→ **TASK BRIEF**
Produce an exact transcription of the listing below, omitting the pictures.
*** Block opens ***
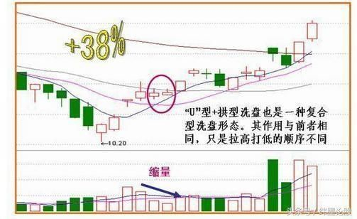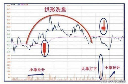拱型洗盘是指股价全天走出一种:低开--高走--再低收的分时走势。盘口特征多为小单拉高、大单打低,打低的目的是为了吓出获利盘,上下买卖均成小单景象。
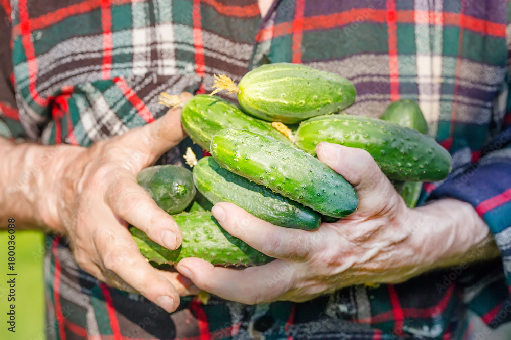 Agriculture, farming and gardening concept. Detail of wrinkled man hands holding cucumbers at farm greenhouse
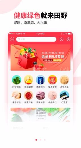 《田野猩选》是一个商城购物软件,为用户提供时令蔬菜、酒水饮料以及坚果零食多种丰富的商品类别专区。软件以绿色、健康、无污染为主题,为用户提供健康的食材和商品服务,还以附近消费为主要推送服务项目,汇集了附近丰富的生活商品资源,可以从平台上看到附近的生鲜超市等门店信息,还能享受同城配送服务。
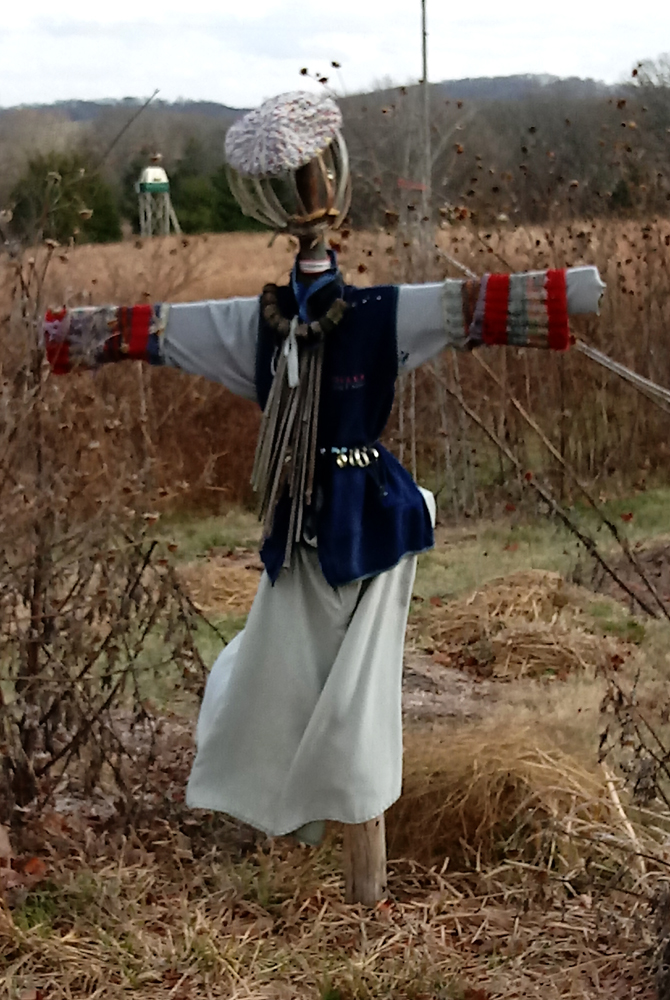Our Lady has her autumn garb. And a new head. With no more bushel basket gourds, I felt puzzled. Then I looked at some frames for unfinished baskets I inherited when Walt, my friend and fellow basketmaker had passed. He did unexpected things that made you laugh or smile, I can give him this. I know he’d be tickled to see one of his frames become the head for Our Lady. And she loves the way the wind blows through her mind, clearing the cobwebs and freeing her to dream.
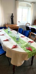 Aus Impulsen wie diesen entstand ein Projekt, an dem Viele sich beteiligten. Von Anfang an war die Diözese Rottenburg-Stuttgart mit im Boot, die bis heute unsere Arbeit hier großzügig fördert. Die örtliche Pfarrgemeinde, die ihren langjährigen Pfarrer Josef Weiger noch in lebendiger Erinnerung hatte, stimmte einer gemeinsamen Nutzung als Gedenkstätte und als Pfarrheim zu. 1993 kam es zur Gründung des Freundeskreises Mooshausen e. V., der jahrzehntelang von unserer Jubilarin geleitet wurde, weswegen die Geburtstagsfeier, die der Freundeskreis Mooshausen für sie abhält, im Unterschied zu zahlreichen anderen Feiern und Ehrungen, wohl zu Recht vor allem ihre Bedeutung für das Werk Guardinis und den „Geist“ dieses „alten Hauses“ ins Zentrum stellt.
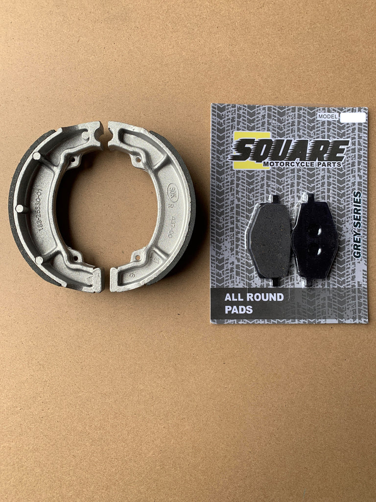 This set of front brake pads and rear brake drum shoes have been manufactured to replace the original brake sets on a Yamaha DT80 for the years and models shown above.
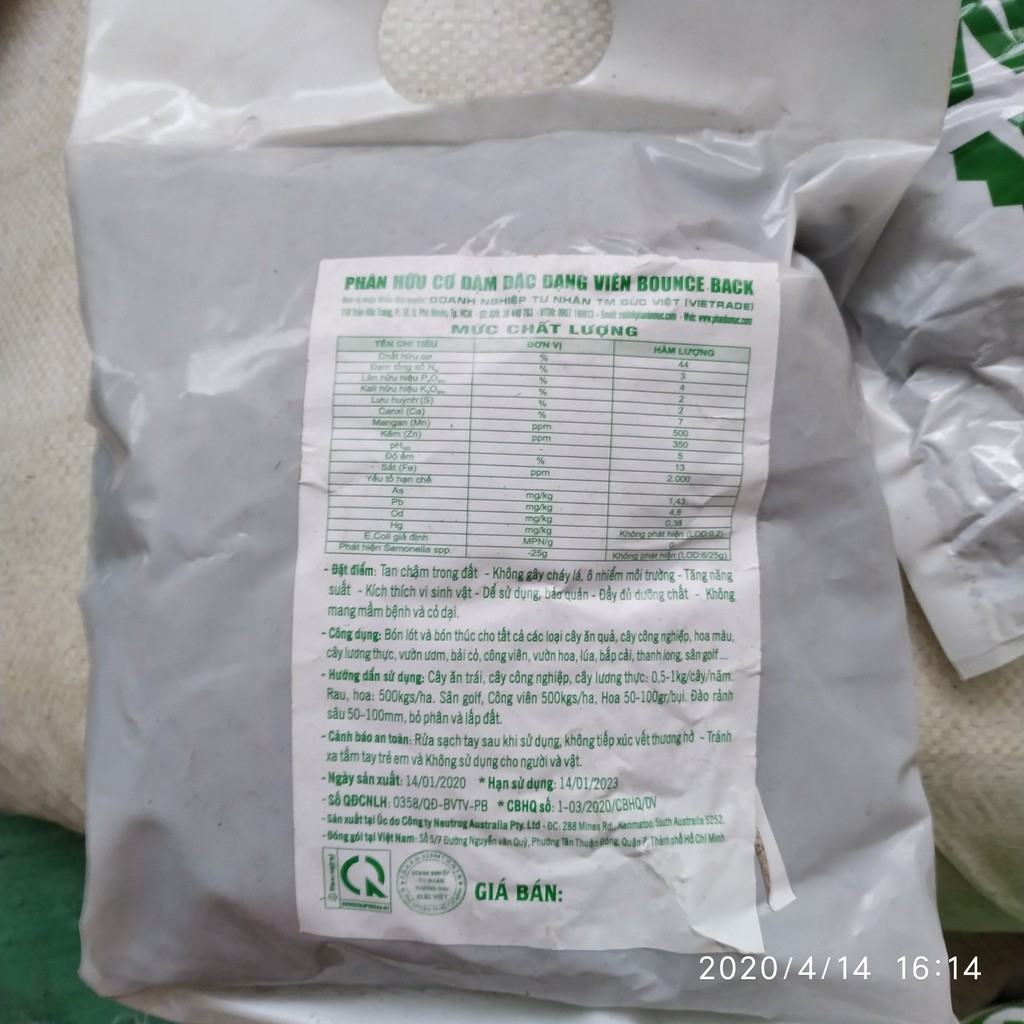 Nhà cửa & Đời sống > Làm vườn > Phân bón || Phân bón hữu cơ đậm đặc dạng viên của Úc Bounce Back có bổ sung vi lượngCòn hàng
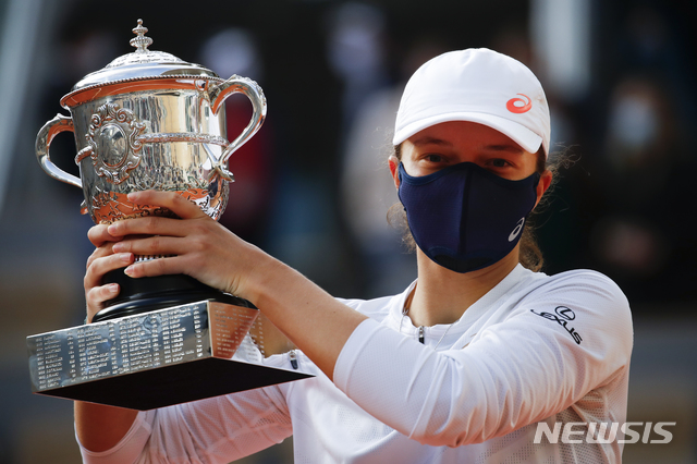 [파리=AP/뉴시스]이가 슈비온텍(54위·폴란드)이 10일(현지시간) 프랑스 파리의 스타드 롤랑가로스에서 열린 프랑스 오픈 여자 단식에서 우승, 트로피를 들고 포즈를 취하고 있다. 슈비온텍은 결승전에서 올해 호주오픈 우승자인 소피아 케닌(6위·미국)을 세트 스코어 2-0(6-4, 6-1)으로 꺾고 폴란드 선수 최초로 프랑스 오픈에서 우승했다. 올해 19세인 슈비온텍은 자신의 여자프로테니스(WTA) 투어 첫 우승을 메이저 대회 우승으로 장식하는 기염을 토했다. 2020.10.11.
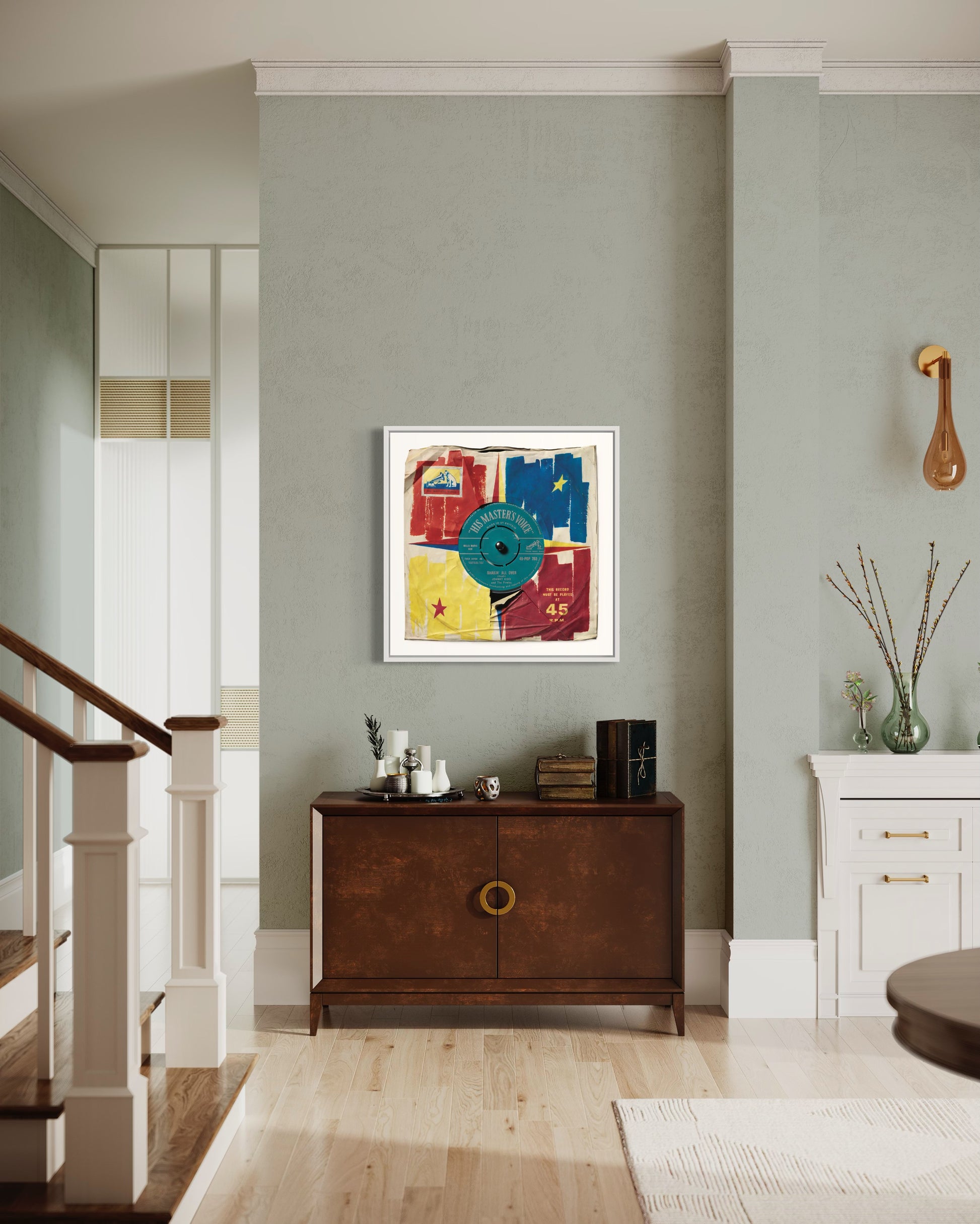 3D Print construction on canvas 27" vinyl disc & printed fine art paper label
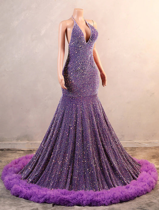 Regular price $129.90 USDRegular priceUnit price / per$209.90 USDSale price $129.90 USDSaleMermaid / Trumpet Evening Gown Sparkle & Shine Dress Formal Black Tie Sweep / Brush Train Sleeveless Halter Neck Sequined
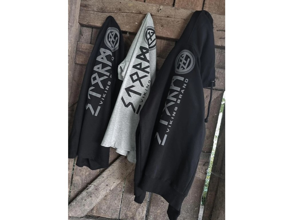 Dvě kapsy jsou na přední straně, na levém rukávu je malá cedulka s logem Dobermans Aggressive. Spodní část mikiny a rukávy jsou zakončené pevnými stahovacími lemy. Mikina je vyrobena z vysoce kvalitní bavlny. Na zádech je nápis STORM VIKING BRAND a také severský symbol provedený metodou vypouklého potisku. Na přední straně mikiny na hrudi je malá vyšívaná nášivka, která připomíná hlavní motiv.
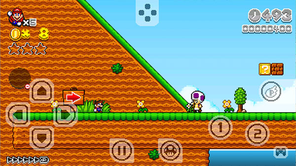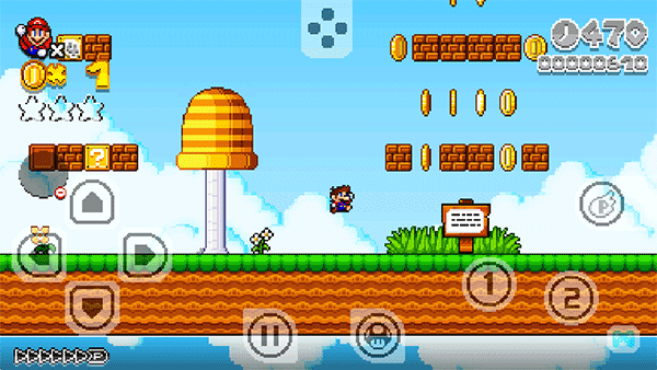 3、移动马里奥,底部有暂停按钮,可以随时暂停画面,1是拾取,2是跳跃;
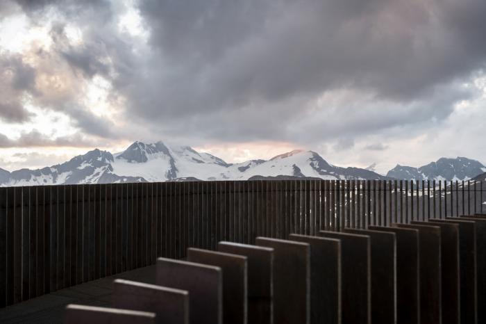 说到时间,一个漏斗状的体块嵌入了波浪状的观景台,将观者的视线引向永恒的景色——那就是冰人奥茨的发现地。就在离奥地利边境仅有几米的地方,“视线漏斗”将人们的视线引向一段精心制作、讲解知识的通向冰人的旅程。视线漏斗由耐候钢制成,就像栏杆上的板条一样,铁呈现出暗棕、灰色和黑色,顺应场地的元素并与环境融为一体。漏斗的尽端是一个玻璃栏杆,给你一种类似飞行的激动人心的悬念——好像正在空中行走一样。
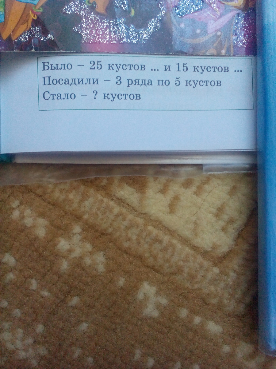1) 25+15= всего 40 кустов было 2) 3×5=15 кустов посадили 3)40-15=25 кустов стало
*** Block closes ***
→ **OUTPUT FOR THIS EXERCISE**
拱型洗盘是指股价全天走出一种:低开--高走--再低收的分时走势。盘口特征多为小单拉高、大单打低,打低的目的是为了吓出获利盘,上下买卖均成小单景象。
 Agriculture, farming and gardening concept. Detail of wrinkled man hands holding cucumbers at farm greenhouse
 《田野猩选》是一个商城购物软件,为用户提供时令蔬菜、酒水饮料以及坚果零食多种丰富的商品类别专区。软件以绿色、健康、无污染为主题,为用户提供健康的食材和商品服务,还以附近消费为主要推送服务项目,汇集了附近丰富的生活商品资源,可以从平台上看到附近的生鲜超市等门店信息,还能享受同城配送服务。
Our Lady has her autumn garb. And a new head. With no more bushel basket gourds, I felt puzzled. Then I looked at some frames for unfinished baskets I inherited when Walt, my friend and fellow basketmaker had passed. He did unexpected things that made you laugh or smile, I can give him this. I know he’d be tickled to see one of his frames become the head for Our Lady. And she loves the way the wind blows through her mind, clearing the cobwebs and freeing her to dream.
 Aus Impulsen wie diesen entstand ein Projekt, an dem Viele sich beteiligten. Von Anfang an war die Diözese Rottenburg-Stuttgart mit im Boot, die bis heute unsere Arbeit hier großzügig fördert. Die örtliche Pfarrgemeinde, die ihren langjährigen Pfarrer Josef Weiger noch in lebendiger Erinnerung hatte, stimmte einer gemeinsamen Nutzung als Gedenkstätte und als Pfarrheim zu. 1993 kam es zur Gründung des Freundeskreises Mooshausen e. V., der jahrzehntelang von unserer Jubilarin geleitet wurde, weswegen die Geburtstagsfeier, die der Freundeskreis Mooshausen für sie abhält, im Unterschied zu zahlreichen anderen Feiern und Ehrungen, wohl zu Recht vor allem ihre Bedeutung für das Werk Guardinis und den „Geist“ dieses „alten Hauses“ ins Zentrum stellt.
 This set of front brake pads and rear brake drum shoes have been manufactured to replace the original brake sets on a Yamaha DT80 for the years and models shown above.
 Nhà cửa & Đời sống > Làm vườn > Phân bón || Phân bón hữu cơ đậm đặc dạng viên của Úc Bounce Back có bổ sung vi lượngCòn hàng
 [파리=AP/뉴시스]이가 슈비온텍(54위·폴란드)이 10일(현지시간) 프랑스 파리의 스타드 롤랑가로스에서 열린 프랑스 오픈 여자 단식에서 우승, 트로피를 들고 포즈를 취하고 있다. 슈비온텍은 결승전에서 올해 호주오픈 우승자인 소피아 케닌(6위·미국)을 세트 스코어 2-0(6-4, 6-1)으로 꺾고 폴란드 선수 최초로 프랑스 오픈에서 우승했다. 올해 19세인 슈비온텍은 자신의 여자프로테니스(WTA) 투어 첫 우승을 메이저 대회 우승으로 장식하는 기염을 토했다. 2020.10.11.
 3D Print construction on canvas 27" vinyl disc & printed fine art paper label
 Regular price $129.90 USDRegular priceUnit price / per$209.90 USDSale price $129.90 USDSaleMermaid / Trumpet Evening Gown Sparkle & Shine Dress Formal Black Tie Sweep / Brush Train Sleeveless Halter Neck Sequined
 Dvě kapsy jsou na přední straně, na levém rukávu je malá cedulka s logem Dobermans Aggressive. Spodní část mikiny a rukávy jsou zakončené pevnými stahovacími lemy. Mikina je vyrobena z vysoce kvalitní bavlny. Na zádech je nápis STORM VIKING BRAND a také severský symbol provedený metodou vypouklého potisku. Na přední straně mikiny na hrudi je malá vyšívaná nášivka, která připomíná hlavní motiv.
 3、移动马里奥,底部有暂停按钮,可以随时暂停画面,1是拾取,2是跳跃;
 说到时间,一个漏斗状的体块嵌入了波浪状的观景台,将观者的视线引向永恒的景色——那就是冰人奥茨的发现地。就在离奥地利边境仅有几米的地方,“视线漏斗”将人们的视线引向一段精心制作、讲解知识的通向冰人的旅程。视线漏斗由耐候钢制成,就像栏杆上的板条一样,铁呈现出暗棕、灰色和黑色,顺应场地的元素并与环境融为一体。漏斗的尽端是一个玻璃栏杆,给你一种类似飞行的激动人心的悬念——好像正在空中行走一样。
1) 25+15= всего 40 кустов было 2) 3×5=15 кустов посадили 3)40-15=25 кустов стало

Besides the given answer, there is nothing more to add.